Lapid: Left can't win an election - I'm running for prime minister

Lapid: the Left "is not capable of winning an election. They won't win for at least another 30 years."

Yair Lapid (photo credit: MARC ISRAEL SELLEM)
Yair Lapid
(photo credit: MARC ISRAEL SELLEM)
Yesh Atid will not join a government led by Prime Minister Benjamin Netanyahu under any circumstances, party chairman Yair Lapid said in a briefing to Knesset reporters Monday.
Even if UTJ leader Health Minister Ya’acov Litzman agrees to sit around the same cabinet table, Lapid said he won’t join the government, and predicted that the coalition will fall apart sometime in 2016.
“Yesh Atid will run for the leadership of the country and I will run for prime minister,” Lapid stated.
As for other possible candidates for prime minister, he said the Left “is not capable of winning an election. They won’t win for at least another 30 years.”
Lapid deflected and denied claims that he is turning rightward and to religion to attract new voters, but also said “the Left doesn’t understand the importance of God in the Israeli public discourse, and Yesh Atid does. I believe in God and I think most of our MKs do, too.”
A Zionist Union spokesman responded: “On the day after Tisha Be’Av [when Jews mark the anniversary of the destruction of the Holy Temple], someone should tell Lapid that since the Temple was destroyed, prophecy was only given to fools.”
The Yesh Atid chairman posited that his party is solidly centrist, and pointed to himself as someone who came from a nationalist home and MK Shai Piron, a rabbi who lives in a settlement, as MKs who pull the party more to the Right, whereas MKs like Yael German and Yaakov Peri – who Lapid called “Yankeleh” – as pulling it to the left.
“Yesh Atid is a Jewish, religious-secular party,” he stated. “Our DNA is center – both Left and Right. The difference between center-left and center-right is more emotional and hereditary than having to do with what people think about the Palestinians.”
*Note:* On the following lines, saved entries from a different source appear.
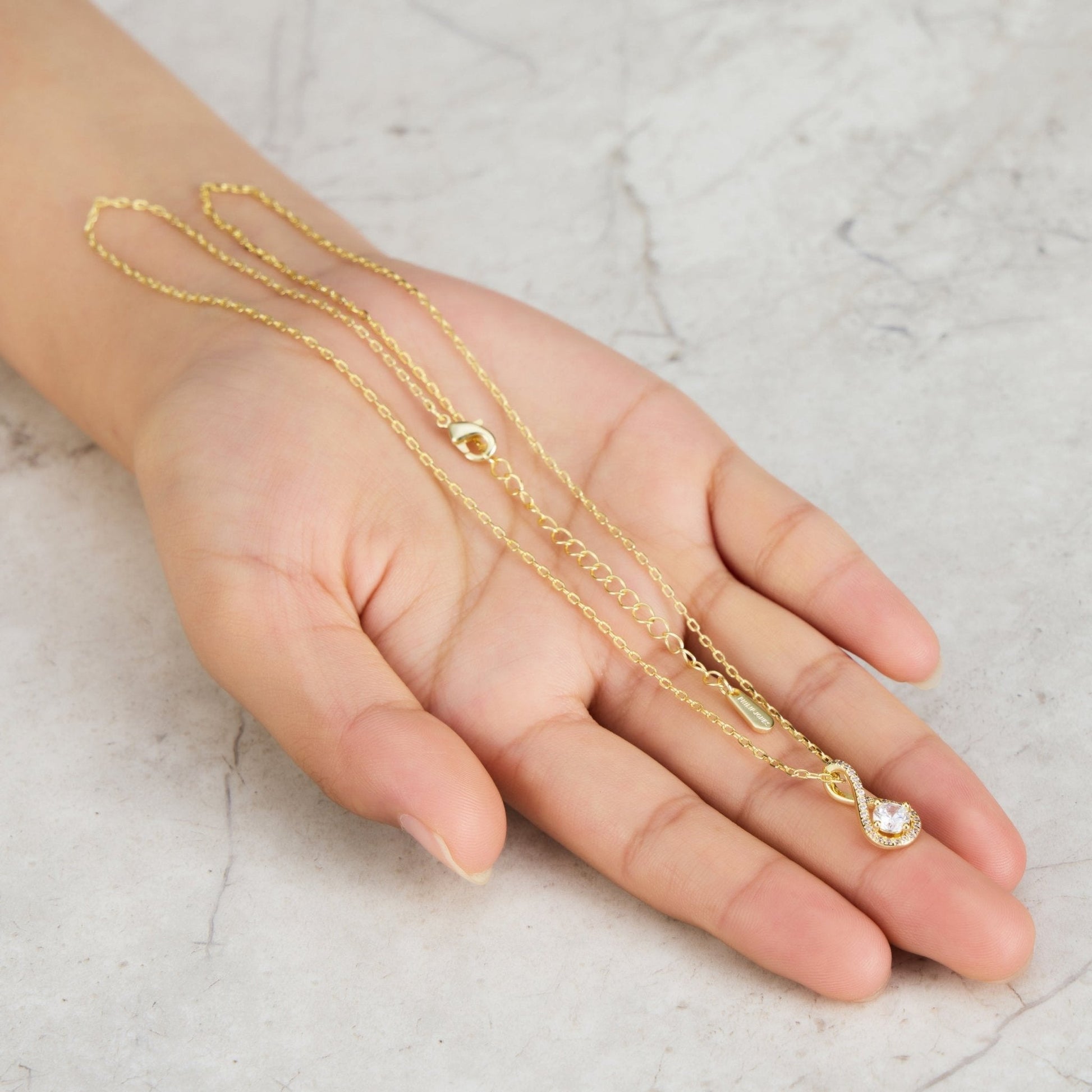 Elevate your style with this exquisite Gold Plated Solitaire Twist Necklace featuring sparkling Zircondia® Crystals. The details of this necklace are carefully crafted, making it hypoallergenic and perfect for everyday wear. Made with high-quality gold plated brass alloy, it boasts a stunning pendant with dimensions of 17mm (H) x 8.5mm (W). The necklace length is 43cm with an additional 5cm extender chain for a customized fit. The cable chain and lobster claw closure add a touch of elegance to the overall design. Be captivated by the 30 dazzling 1mm round crystals and a single 7mm round crystal, carefully placed to create a mesmerizing effect. Packaged in a chic gift pouch, this necklace is a must-have for any fashion-forward individual.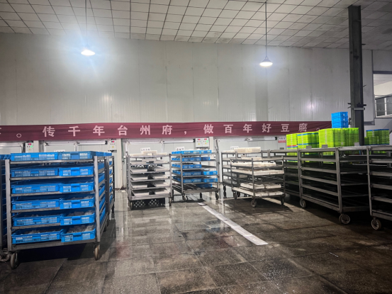在菽康的生产车间,我们见证了一颗豆子的华丽蜕变。“白水洋豆腐以其嫩滑口感而闻名,但曾因保鲜期短而受限于本地市场。有人曾告诉我,这种豆腐只能在临海的菜场销售,难以远销。”然而,张玲萍坚信‘酒香不怕巷子深’,她多年专注于提升豆腐的品质。如今,菽康生产的白水洋豆腐已经通过明康汇、叮咚买菜等平台,走进了千家万户,成为消费者餐桌上的美味佳肴。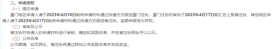 廈門地區(qū)申請人請于2023年4月10日前將申請材料通過快遞方式報(bào)送廈門注協(xié),廈門注協(xié)初審后于2023年4月17日前匯總上報(bào)省注協(xié),其他地區(qū)申請人請于2023年4月17日前將申請材料通過快遞方式報(bào)送省注協(xié)。逾期申報(bào)視為棄權(quán)。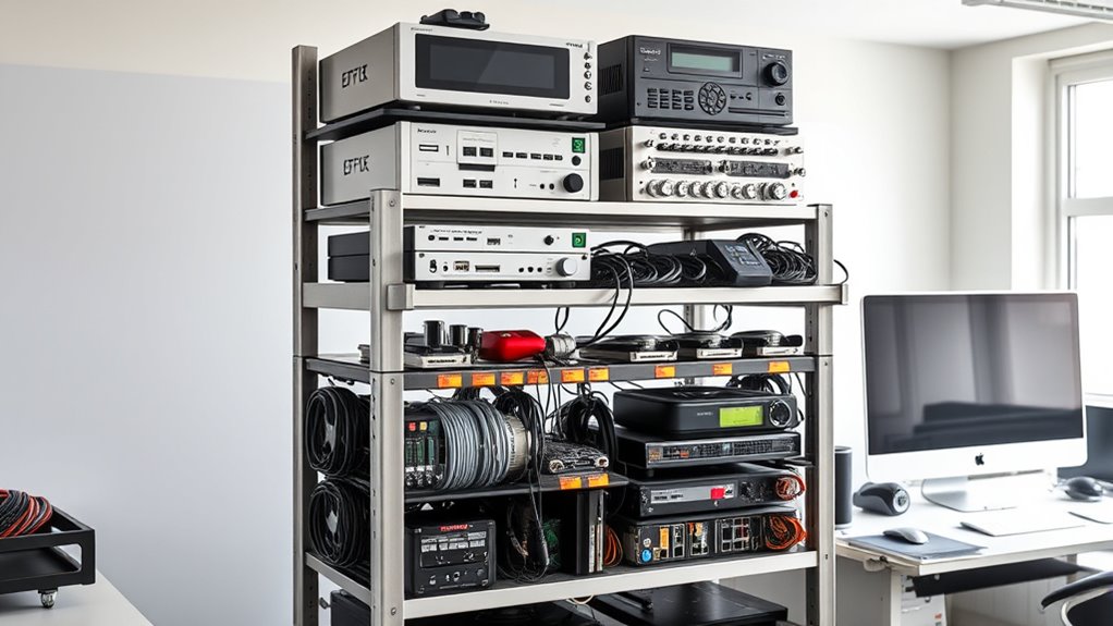 Effective ventilation and moisture barriers help reduce humidity-related risks, but protecting your sensitive equipment from physical damage requires additional measures. A well-organized cable management system prevents accidental pulls and tangles that can cause equipment to fall or break. Secure mounting and padded racks add an extra layer of protection against shocks and impacts. To maintain aesthetic appeal, choose racks with clean cable routing options and uniform layouts, which also improve airflow and ease maintenance. Cover panels or shields can guard against dust, debris, and accidental bumps. Additionally, understanding lifestyle factors like proper storage and handling can further prolong your gear’s lifespan. By combining sturdy construction with thoughtful cable management, you minimize the risk of damage and keep your gear safe. This extensive approach ensures your setup remains resilient, functional, and visually appealing.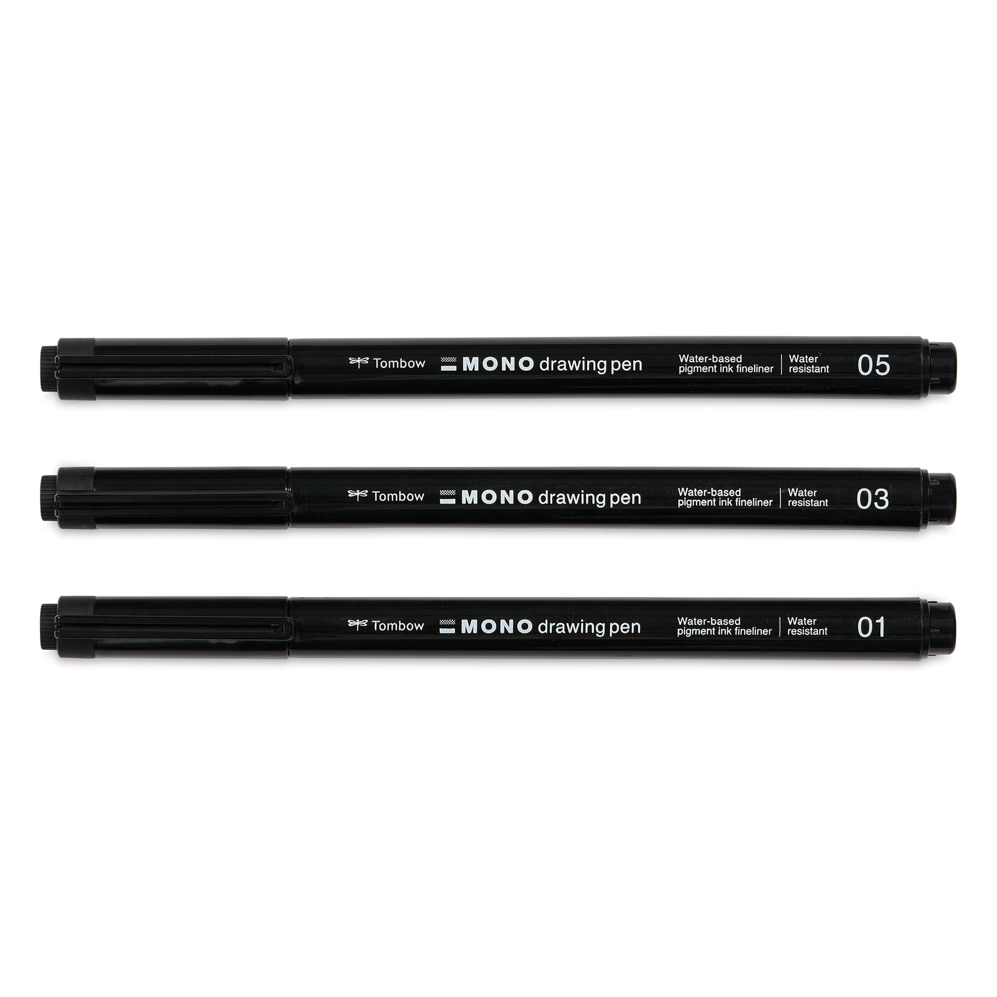 This set includes three drawing pens, one each of 01, 03, and 05 tip sizes for creating bold lines or fine details in illustrations, manga, anime, lettering, journaling, and technical drawings.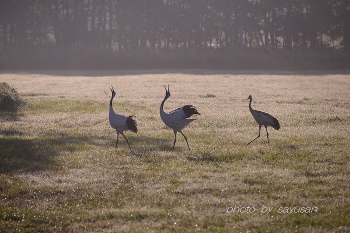 今朝のタンチョウ~鳴き合う~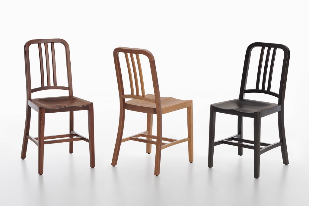 Emeco is celebrating the 75th anniversary of its iconic aluminum Navy Chair—originally designed for warships during World War II—with the launch of a wood version. Measuring 34” tall, 19.5” deep, and 15.5” wide, the Navy Wood chair is available in walnut, white oak, or black-stained oak sourced from sustainably managed forests according to Emeco. emeco.net
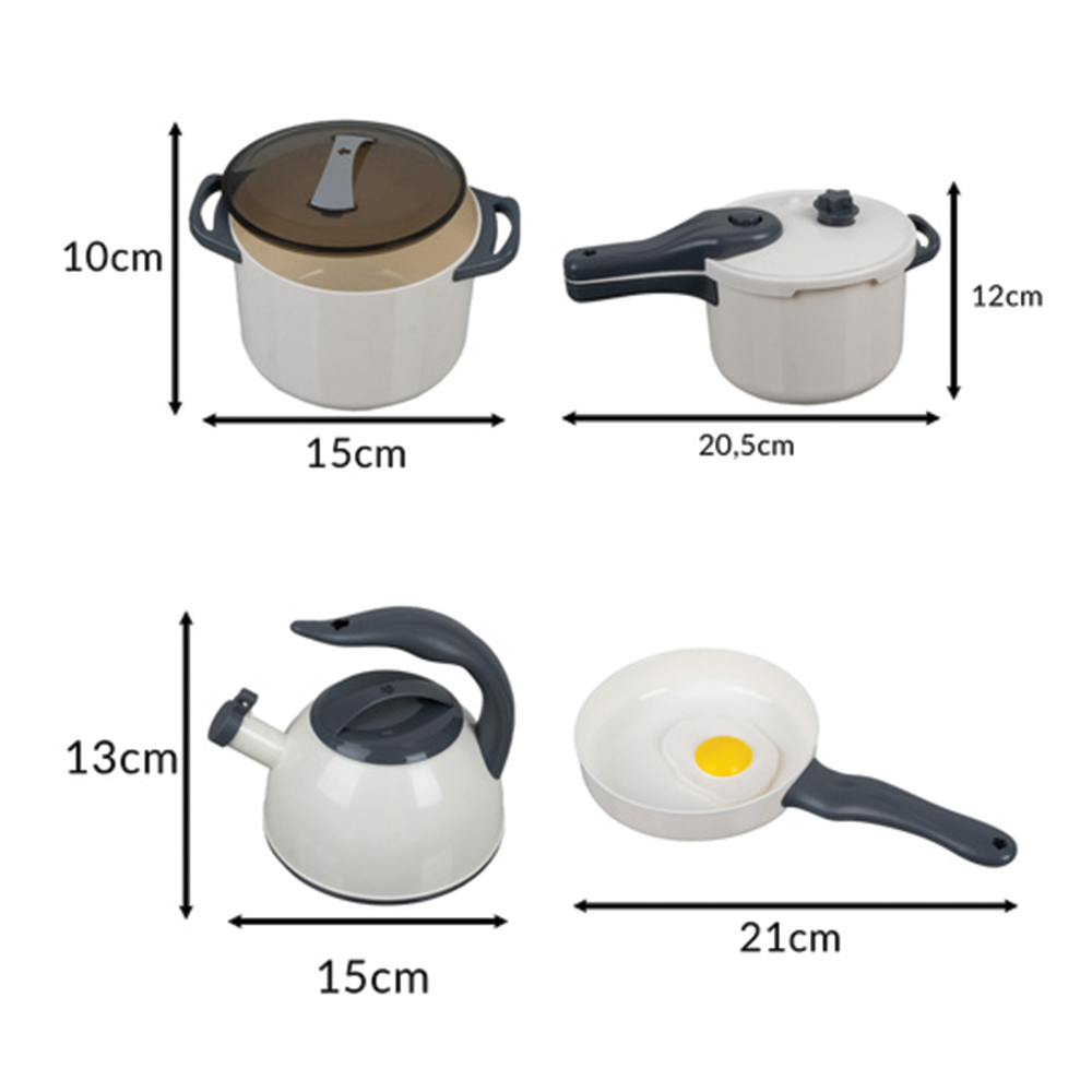 Všestrannost a snadná údržba: Díky odolnému plastovému provedení je sada vhodná nejen pro domácí dětské kuchyňky, ale i pro náročný provoz v mateřských školách. Materiál je snadno omyvatelný, což zaručuje hygienickou čistotu i po "velkém vaření".

As for the possibility of uniting with the other faction in the Knesset that calls itself centrist, Kulanu, or any other party, Lapid said such talk is irrelevant as long as an election is not near.
Lapid also talked about the politician once known as his “brother,” Education Minister Naftali Bennett, expressing disappointment that Bayit Yehudi remained a sectorial party for religious-Zionists as opposed to a bridge between parts of Israeli society.
“Bayit Yehudi chose settlements over Judaism,” he stated. “In my eyes, that is a betrayal of the legacy of Rabbi [Avraham HaCohen] Kook.”
Bayit Yehudi’s spokeswoman said the party is happy for anyone who is getting closer to Judaism, including Lapid, “whatever his reasons may be.”